🤖 AI Summary
This work addresses the aerial juggling task of a quadrotor using a racket to hit and catch a ball—a challenge demanding millisecond-precision timing, high-dynamic contact stability, and strong environmental adaptability. We present the first application of deep reinforcement learning (DRL) to this nonlinear, underactuated, multimodal contact control problem. Our method integrates system dynamics modeling, hierarchical reward shaping, and domain randomization within a simulation-based training framework, while co-designing a low-level controller and a lightweight communication protocol. Real-world zero-shot deployment achieves an average of 311 consecutive hits (peak: 462), substantially outperforming conventional model-based approaches (3.1 hits). Moreover, without fine-tuning, the policy generalizes robustly to ultra-light 5g balls, sustaining an average of 145.9 hits—demonstrating exceptional robustness and cross-environment generalization capability.
📝 Abstract
Aerial robots interacting with objects must perform precise, contact-rich maneuvers under uncertainty. In this paper, we study the problem of aerial ball juggling using a quadrotor equipped with a racket, a task that demands accurate timing, stable control, and continuous adaptation. We propose JuggleRL, the first reinforcement learning-based system for aerial juggling. It learns closed-loop policies in large-scale simulation using systematic calibration of quadrotor and ball dynamics to reduce the sim-to-real gap. The training incorporates reward shaping to encourage racket-centered hits and sustained juggling, as well as domain randomization over ball position and coefficient of restitution to enhance robustness and transferability.

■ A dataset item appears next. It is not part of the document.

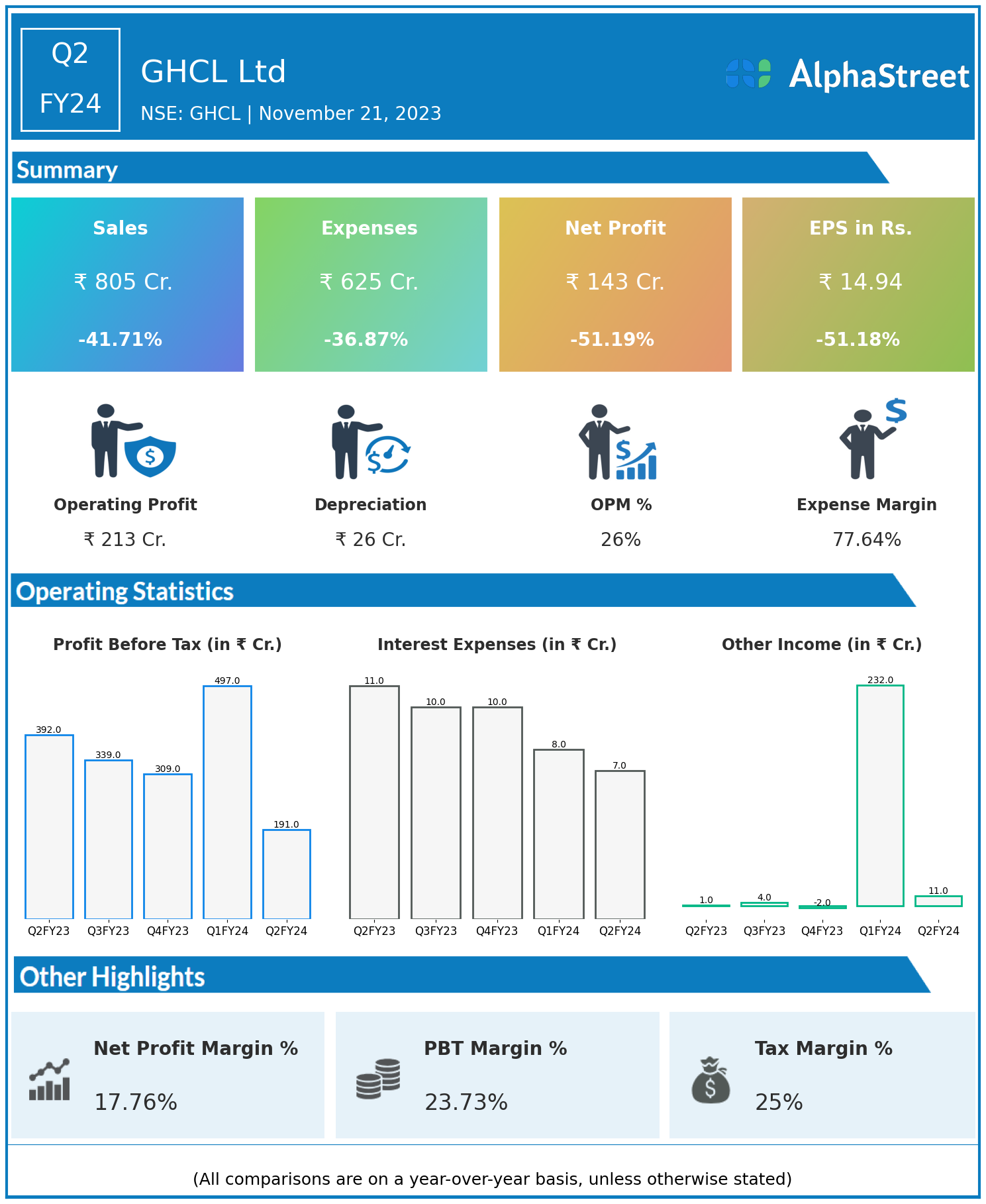 GHCL Ltd reported Revenues for Q2FY24 of ₹805.00 Crores down from ₹1,381.00 Crore year on year, a fall of 41.71%.

The learned policy outputs mid-level commands executed by a low-level controller and is deployed zero-shot on real hardware, where an enhanced perception module with a lightweight communication protocol reduces delays in high-frequency state estimation and ensures real-time control. Experiments show that JuggleRL achieves an average of $311$ hits over $10$ consecutive trials in the real world, with a maximum of $462$ hits observed, far exceeding a model-based baseline that reaches at most $14$ hits with an average of $3.1$. Moreover, the policy generalizes to unseen conditions, successfully juggling a lighter $5$ g ball with an average of $145.9$ hits. This work demonstrates that reinforcement learning can empower aerial robots with robust and stable control in dynamic interaction tasks.